O tráfico de drogas é um crime permanente, sendo possível a entrada forçada na casa do suspeito. Com base nesse entendimento, a 6ª Câmara de Direito Criminal do Tribunal de Justiça de São Paulo negou pedido para anular a prisão em flagrante de um homem acusado por tráfico de drogas.

Consta dos autos que dois policiais militares entraram na casa do paciente após a suspeita de que ele estaria envolvido com tráfico de drogas. Os PMs dizem que revistaram o local na presença de outra moradora e acabaram apreendendo maconha e cocaína. A prisão em flagrante do homem foi convertida para preventiva em audiência de custódia.
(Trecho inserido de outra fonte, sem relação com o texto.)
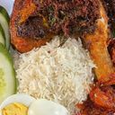 Deep fried marinated beef topped with carrots, long beans, cauliflower and sliced red chillies. Served with fluffy aromatic rice in coconut milk, spicy sambal, boiled egg and sliced cucumber
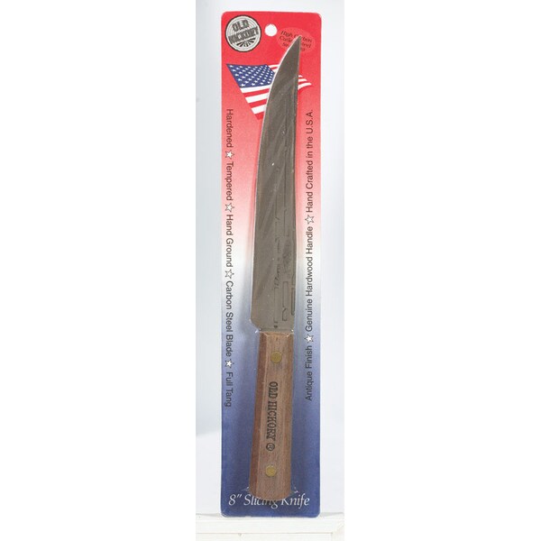 The Old Hickory knife feature a hardwood handle secured with brass compression rivets to 1095 carbon steel blades that are both very sharp and capable of retaining an edge better than most stainless knives. Proudly manufactured with artisan processes for over 90 years Old Hickory has stood the test of time and is proven to be the best carbon steel kitchen cutlery sold today.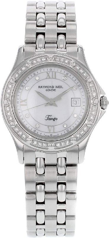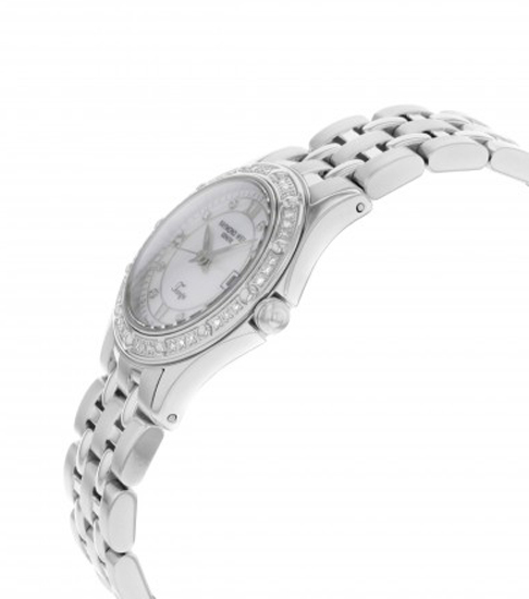 Watch Information: Gender: Women's Case Size: 30mm Dial Color: Mother of Pearl Material Case: Stainless Steel Material Band: Stainless Steel Diamonds: n/a Movement: Quartz Water Resist: 30 Meters Water Resistant Features: Additional Info: Packaging: Raymond Weil Box & Papers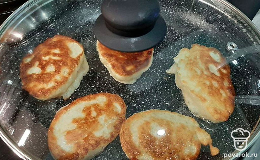 На сковороду налить растительное масло, поставить на плиту. В разогретую сковороду выложить тесто столовой ложкой порционно, обжарить с двух сторон. Чтобы тесто не прилипало к ложке, её необходимо смачивать холодной водой.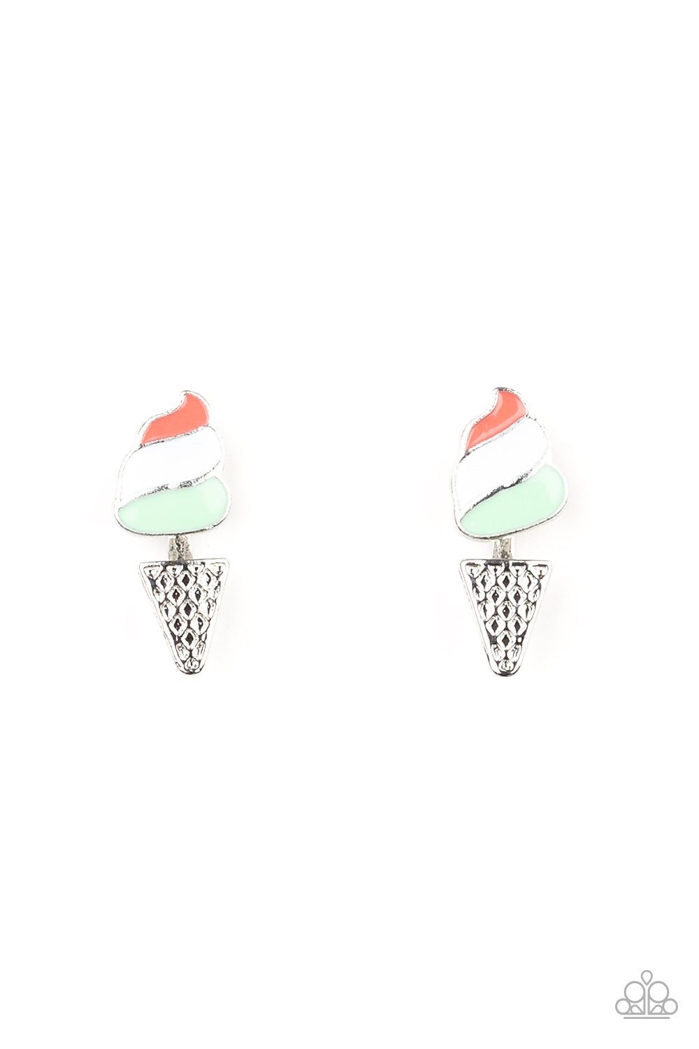 Double-sided post earrings in assorted colors and shapes to be retailed at $1 per pair. The ice cream swirls vary in shades of red, white, green, blue, purple, and yellow. Earrings attach to standard post fittings.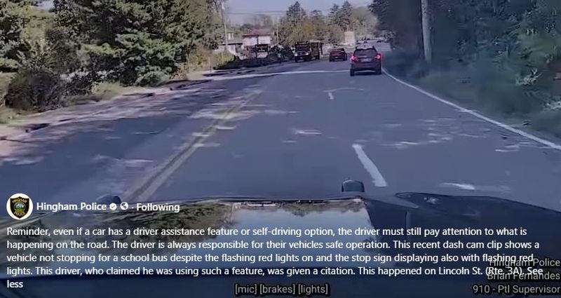 A new police video shows a car in driver-assist mode passing a stopped school bus, Hingham police in Massachusetts say.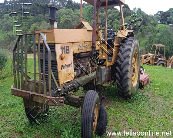 TRATOR AGRICOLA - VALMET 118 - 4X2 - 1986 NO ESTADO PLACA: AQB4734 - BAIXADO. N. Série: 11800600583. RENAVAM: 524496013. OBS: MÁQUINA ERA EMPLACADA, FOI BAIXADA NO DETRAN. ESTÁ PARADA HÁ MUITO TEMPO (PODENDO FALTAR PEÇAS). NECESSITA DE REVISÃO EM GERAL. VENDIDO NO ESTADO EM QUE SE ENCONTRA. M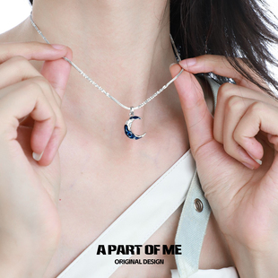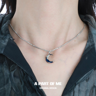 原创蓝色月亮吊坠项链小众设计无性别细闪简约链条男女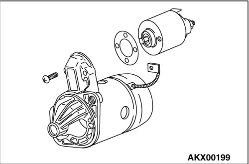 5. If the pinion gap is out of specification, adjust by adding or removing gasket(s) between the magnetic switch and front bracket.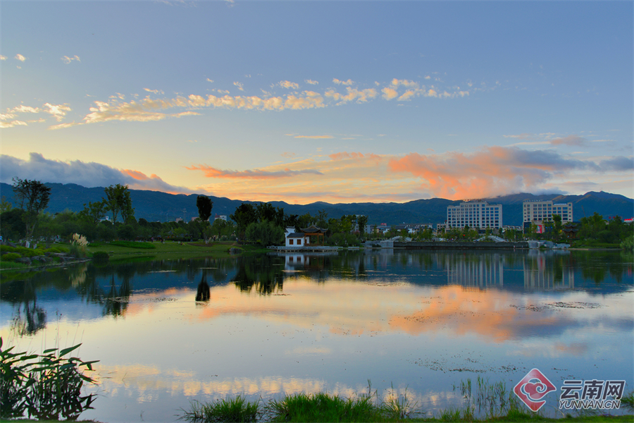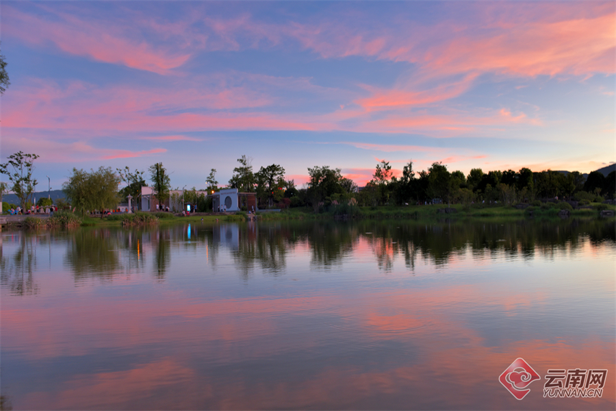 青荇的在清澈见底的星河里招摇,鱼儿欢乐地游来游去,两岸斑驳的树影和天空中翩跹的白鹭倒映在星河中,星河便自然形成了一幅打开的山水田园画卷。星河田野里,花期正盛的粉黛乱子草将昌宁的“秋”装点得更加浪漫了。晚饭后,或奔跑、或漫步于健身步道的人们都会惊艳于这一团团“粉色云雾”而竞相打卡拍照。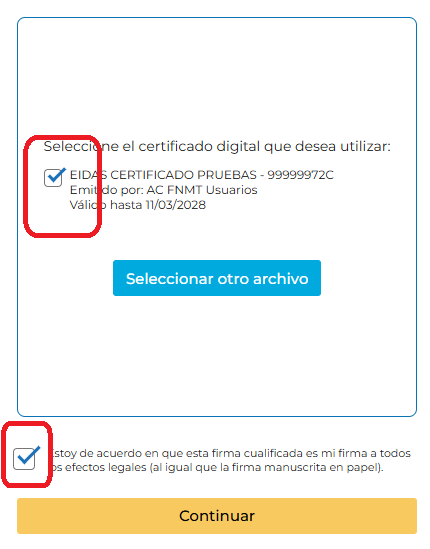 Una vez incorporado el certificado, se ha de seleccionar y como el proceso normal de efirma, aceptar la conformidad de que esa firma corresponde a la firma del destinatario.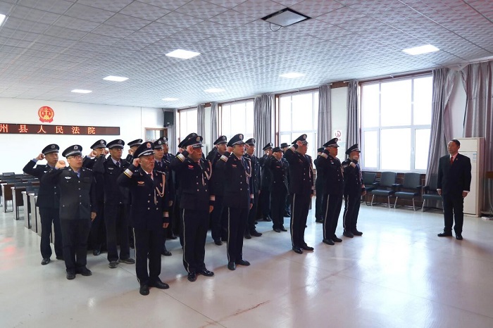 在第六个“中国人民警察节”到来之际,全省法院司法警察视频会议召开。泽州县人民法院全体司法警察在分会场参会,共同奏唱国歌、重温入警誓词。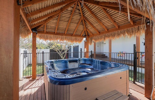 Entertainment awaits in the garage, where arcade games promise hours of fun for both kids and adults. This family- and pet-friendly retreat makes sure no one gets left behind on your beachside adventure.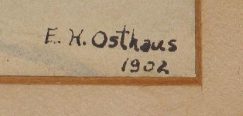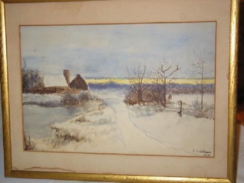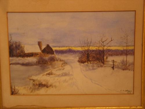 Osthaus, Edmund Henry (American, 1858-1928). Horizon through Winter Snow, /s/ l.r., 1902. Unframed watercolor on paper, slight water damage to bottom left of matte, Labels verso, "American Express Co., Holyoke, Mass", "National Blank Book Co, Holyoke, Mass", and American Express Co.8 1/2" by 12"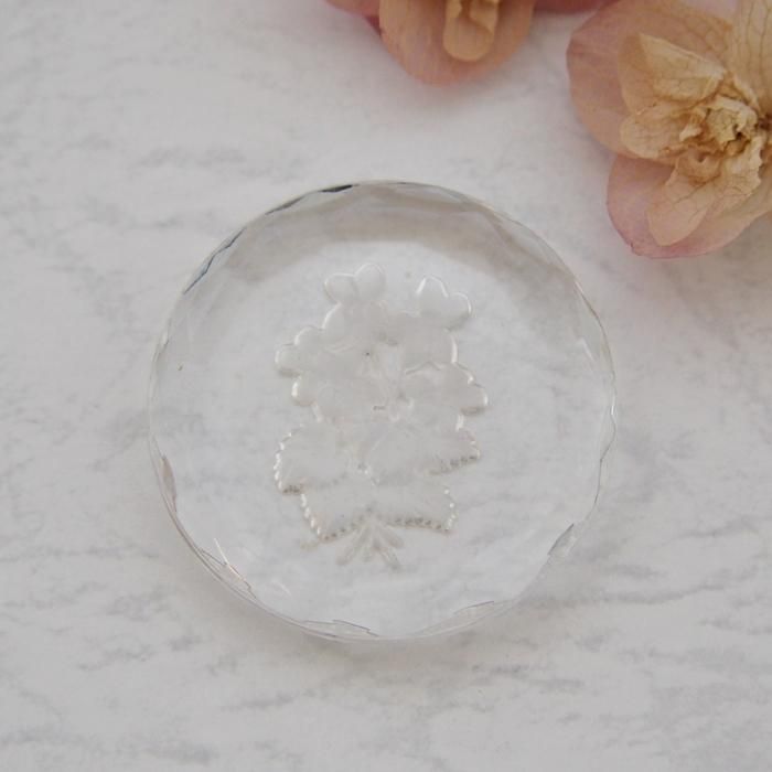 ヴィンテージ ガラス ドイツ スミレ バイオレット ラウンド カメオカボション 35mm 【1個】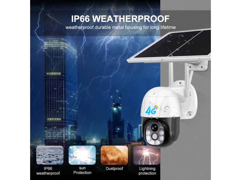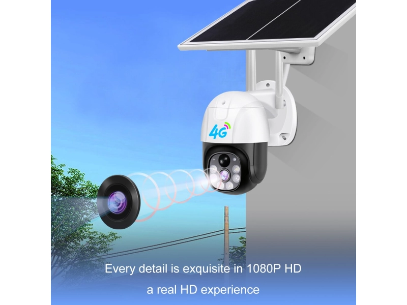 Професионална соларна камера за видео наблюдение, захранваща се директно от слънчевата светлина чрез соларен панел с вградени батерии. Камерата е подходяща за открити пространства където достъпът до електричество е ограничено, а окабеляването нежелано и излишно.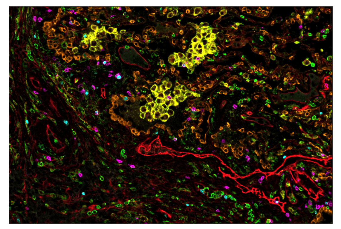 SignalStar Oligo-Antibody Pairs are compatible with the SignalStar Multiplex IHC Buffer Kits for use in fluorescent multiplex imaging experiments. This product includes the oligo-conjugated antibodies and complementary oligos required for labeling your target protein on up to 10 slides. SignalStar Multiplex IHC Buffer Kits are required to amplify and image the target signal. Multiple oligo-antibody pairs can be conveniently combined into a multiplex panel using the SignalStar Multiplex IHC Panel Builder. SignalStar Multiplex IHC Kits & Reagents are not compatible with all of Cell Signaling Technology® products and protocols that are recommended for use in immunohistochemical assays.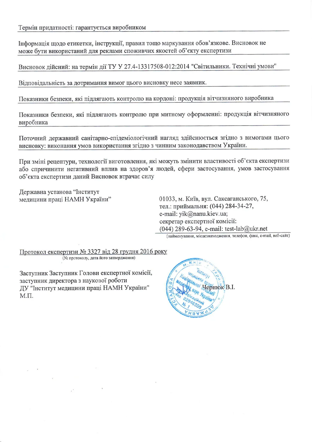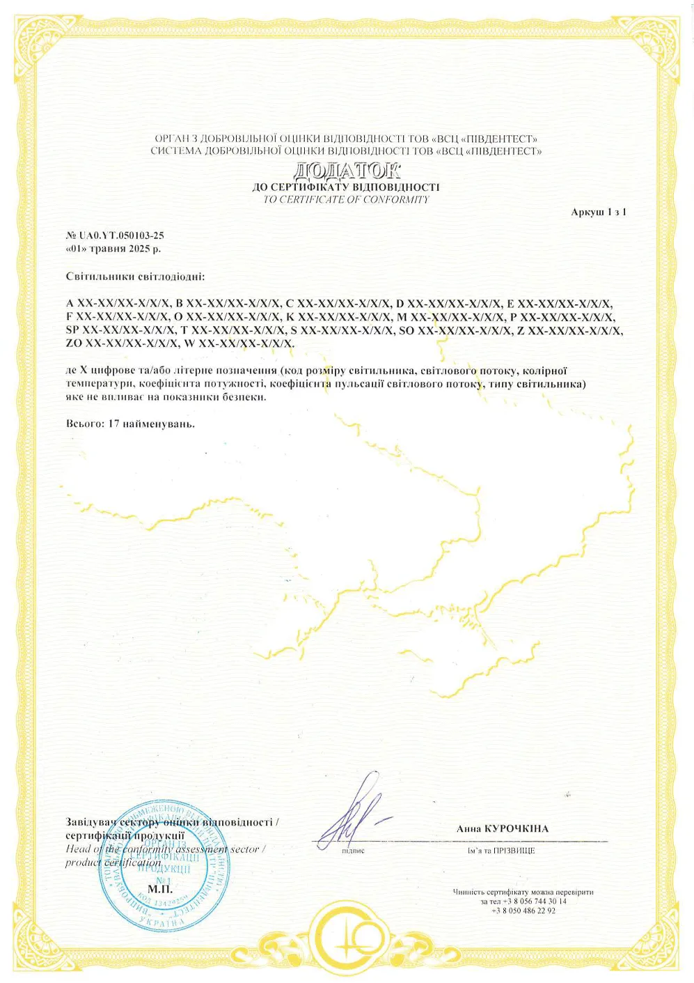 - 2015–2017 — старт експорту LED-світильників (перші постачання до Франції), активне розширення асортименту для стель Армстронг 600×600 мм, запуск серій захищених (IP54) та антивандальних світильників для ЖКГ;

A defesa impetrou Habeas Corpus alegando que a prisão em flagrante foi ilegal em razão da invasão de domicílio do acusado sem autorização judicial. No entanto, em votação unânime, a turma julgadora negou provimento ao recurso.

Segundo o relator, desembargador Machado de Andrade, não houve invasão de domicílio. Para o magistrado, o ingresso na casa foi totalmente legal, decorrente de flagrante delito, uma vez que os policiais alegam ter abordado uma pessoa que chegava ao local para comprar drogas.

“Em se tratando de delito de tráfico ilícito de entorpecentes, enquanto o agente possuir entorpecentes, a pessoa pode ser presa em flagrante, pois se trata de crime permanente, podendo, inclusive, ocorrer a violabilidade de domicílio, haja vista configurar uma das hipóteses constitucionalmente previstas, qual seja, a ocorrência de flagrante delito dentro da residência, nos termos previstos no artigo 5º, inciso XI, da Constituição Federal”, disse.

Andrade afirmou que, em razão do estado de flagrância em que o paciente se encontrava, “excepcionada está a garantia constitucional da inviolabilidade de domicílio, devendo ser, portanto, afastada a alegação de irregularidade da diligência policial”. Além disso, ele ressaltou que eventuais irregularidades no inquérito policial não têm o condão de causar nulidade na ação penal.

Boi na linha
O Superior Tribunal de Justiça tem vasta jurisprudência oposta à da Corte paulista. As turmas do STJ já decidiram, por exemplo, que é ilegal invadir domicílio sem mandado mesmo quando há venda de drogas na frente de casa; após abordagem no quintal; se a vítima tem fama de traficante; com base em informação de vizinho; se o acusado fugiu após denúncia anônima; se correu do portão ao ver uma viatura; se um cão farejador levou os policiais ao local; ou se o suspeito tentou fugir, só para ficar nos precedentes mais recentes.

Por outro lado, é lícita quando há autorização do morador ou em situações já julgadas, como quando o ninguém mora no local, se há denúncia de disparo de arma de fogo na residência ou se o policial, de fora da casa, sente cheiro de maconha, por exemplo.

Ainda em março, o STJ decidiu que a autorização do morador para entrar na residência deve ser gravada pelos policiais.